Although the conventional method 50 and POS system 10 function, one of ordinary skill in the art will readily recognize that the management of complex payloads is inefficient and slow. In particular, the conventional UPOS printer drivers 24 must individually track each command to determine to which each complex payload the command belongs. For example, not only is the data being printed tracked, but the status of each command is individually tracked as the complex payload is sent to and processed by the conventional POS printer 30. Furthermore, in order to remove reference to the complex payload that has been processed, the conventional UPOS printer drivers 24 typically traverse the linked list of commands associated with the complex payload.

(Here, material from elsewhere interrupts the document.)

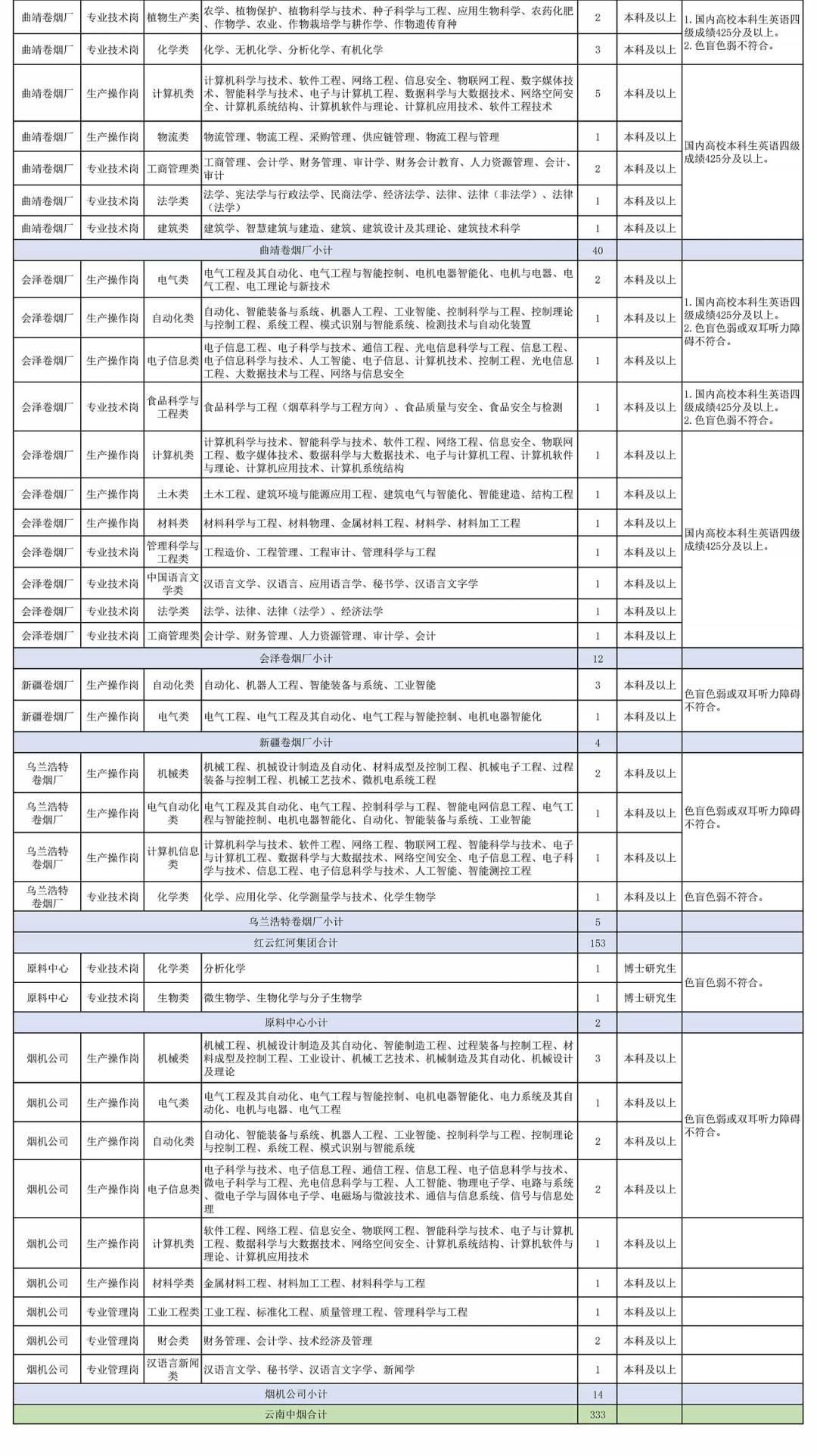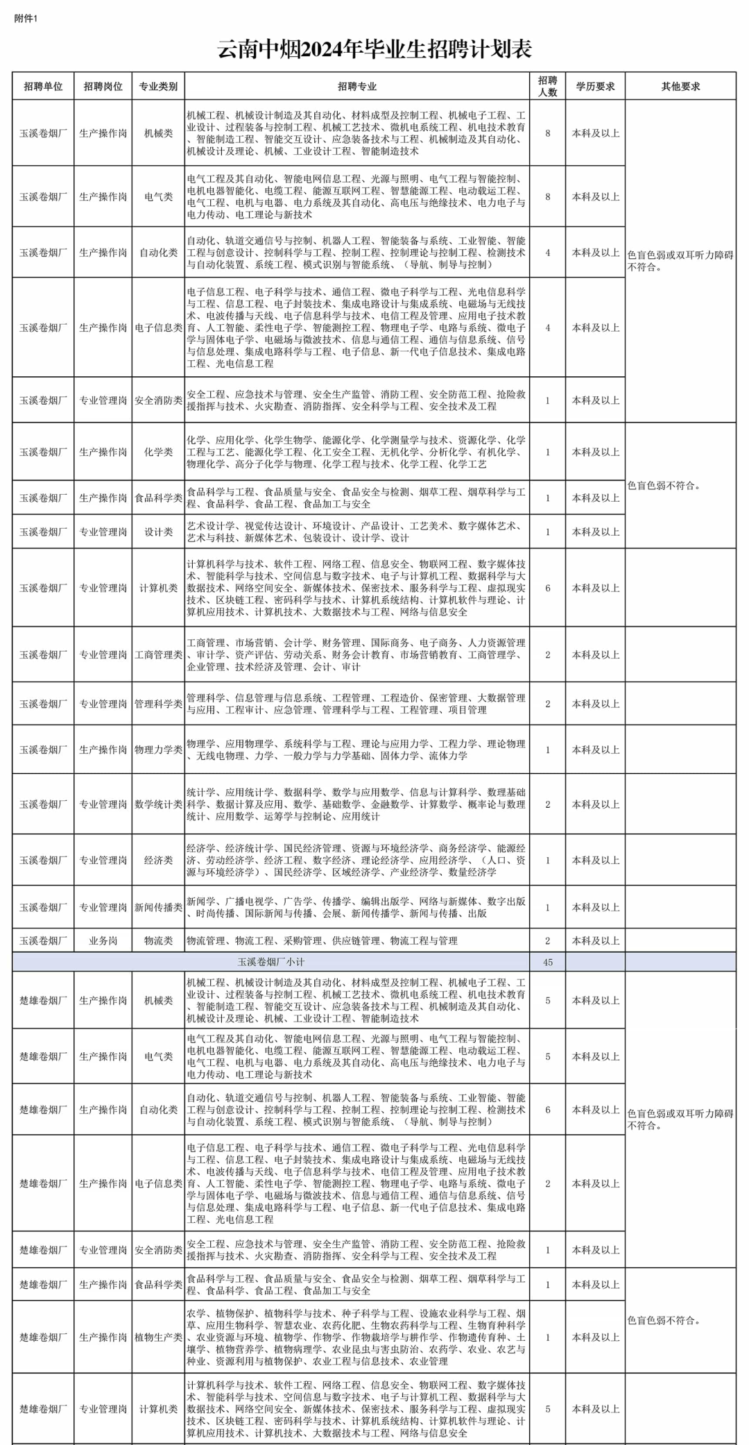 云南中烟2024年计划招聘毕业生333人,具体招聘单位、人数及相关要求详见《云南中烟2024年毕业生招聘计划表》(附件1)。

Such a process can consume a significant amount of processing resources for the conventional POS system 10. In addition, the process of mapping the UPOS commands to the native commands is complex and likely to introduce errors into the complex payload. In the event of an error, the conventional UPOS printer drivers 24 locate the start of the reference to the complex payload and resend the entire complex payload. The process of locating the start of the references to complex payload in the driver can be difficult. Thus, accounting for errors can be more difficult.
Accordingly, what is needed is a system and method for more efficiently managing complex payloads in a POS system. The present invention addresses such a need.